=== Section Start ===

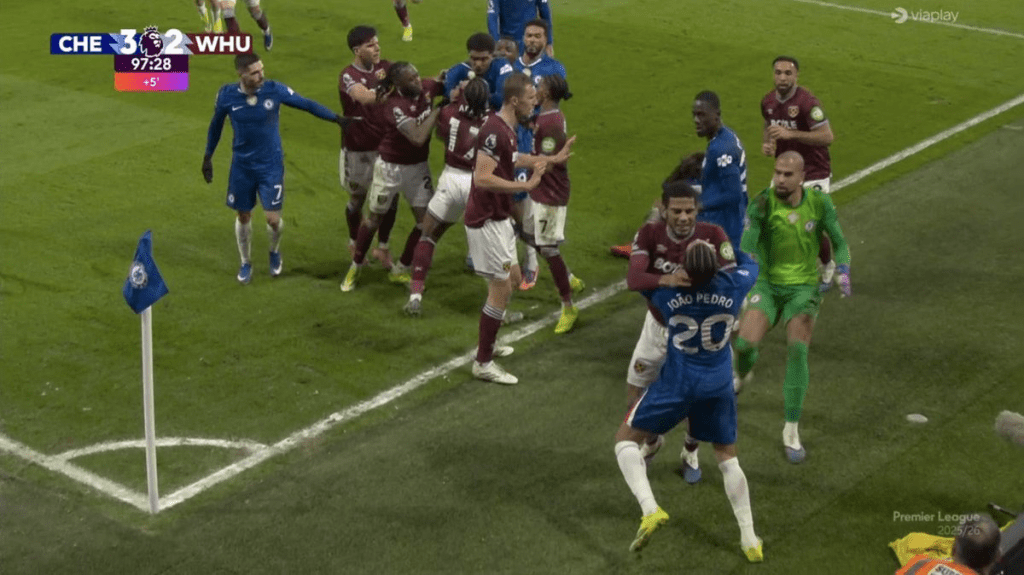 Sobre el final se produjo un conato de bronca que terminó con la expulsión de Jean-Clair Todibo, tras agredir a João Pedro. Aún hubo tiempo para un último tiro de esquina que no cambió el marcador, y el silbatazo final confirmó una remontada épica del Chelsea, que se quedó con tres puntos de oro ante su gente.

=== Section End ===
=== Section Start ===

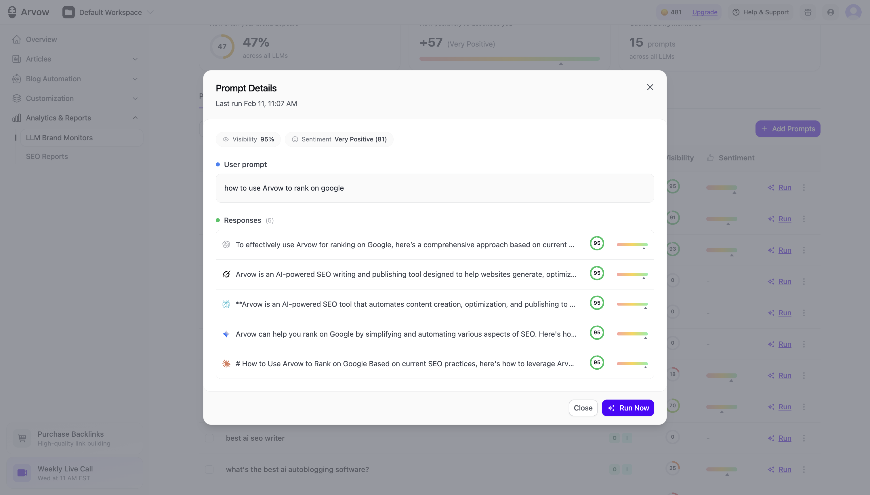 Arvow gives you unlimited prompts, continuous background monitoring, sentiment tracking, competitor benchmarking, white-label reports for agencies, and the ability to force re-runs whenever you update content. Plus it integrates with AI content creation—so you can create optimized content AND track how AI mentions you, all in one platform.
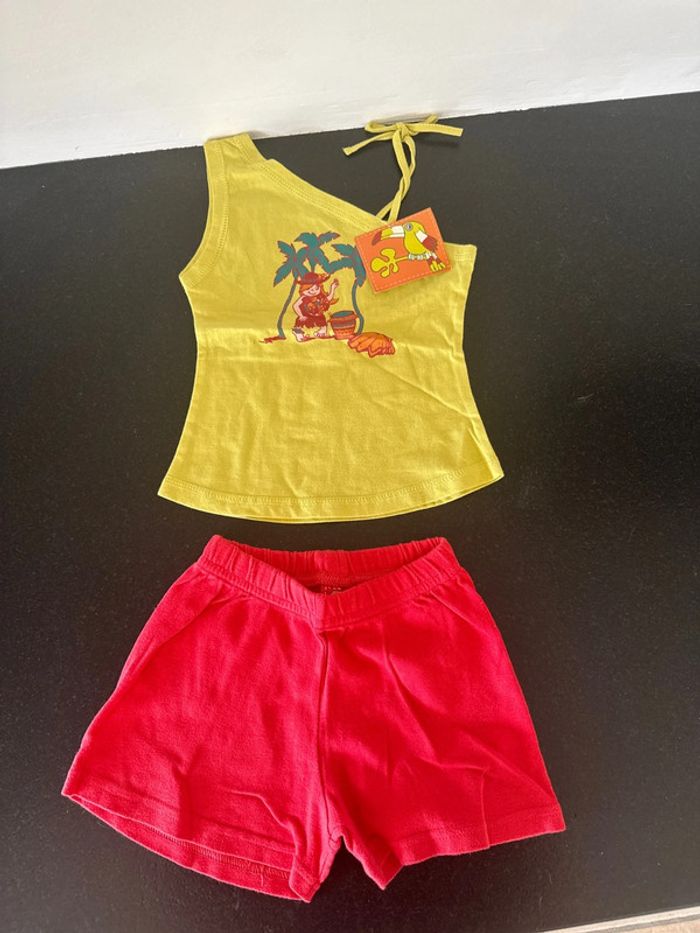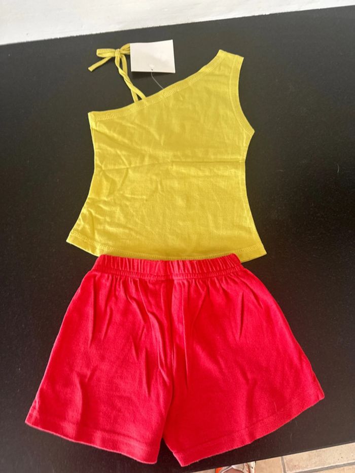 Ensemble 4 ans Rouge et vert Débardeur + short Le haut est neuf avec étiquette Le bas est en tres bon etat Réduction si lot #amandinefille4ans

=== Section End ===

• _Your instructions_
Reproduce the data above exactly, but only from the line containing "Arvow gives you" through the line containing "Ensemble 4 ans"; skip the pictures.

• _Result_
 Arvow gives you unlimited prompts, continuous background monitoring, sentiment tracking, competitor benchmarking, white-label reports for agencies, and the ability to force re-runs whenever you update content. Plus it integrates with AI content creation—so you can create optimized content AND track how AI mentions you, all in one platform.
 Ensemble 4 ans Rouge et vert Débardeur + short Le haut est neuf avec étiquette Le bas est en tres bon etat Réduction si lot #amandinefille4ans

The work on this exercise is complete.